Is the empty set considered a variety in affine and projective space? By variety, i mean a closed irreducible set in the Zariski topology.
On one hand it seems that the empty set satisfies the definition of e.g. an affine variety: it is an algebraic set and it is irreducible (to show that it is irreducible, we may argue that it can not be written as the union of two proper closed subsets simply because it does not have any proper subsets).
On the other hand, if the empty set is an affine variety, then the points of $\mathbb{A}^n$ are not minimal algebraic sets, since they contain the empty set.

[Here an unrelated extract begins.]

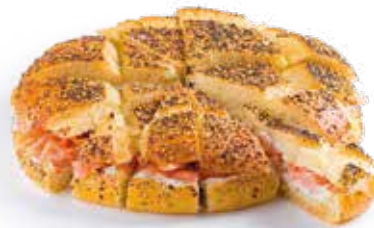
APÉR'ANGE 16 parts 14€

Finally if we view the empty set as a projective variety in projective space, then we have an ambiguity since the empty set is both the zero set of the entire ring and the zero set of the maximal homogeneous ideal.
Any comments/flaws on my arguments above?
The empty set is a variety (it's the spectrum of the zero ring), but it's not an irreducible variety.
The usual definition of an irreducible variety does not do the right thing here, and one must use a slightly different one. An irreducible variety is a variety with exactly one irreducible component, and the empty variety has zero irreducible components.
This is the same kind of thing that causes $1$ to not be prime; the analogous definition of prime that does not work at $1$ is "a prime number is a positive integer which cannot be written as the product of two smaller positive integers." $1$ satisfies this definition but it still shouldn't be prime because that would make unique factorization false. See too simple to be simple for more details.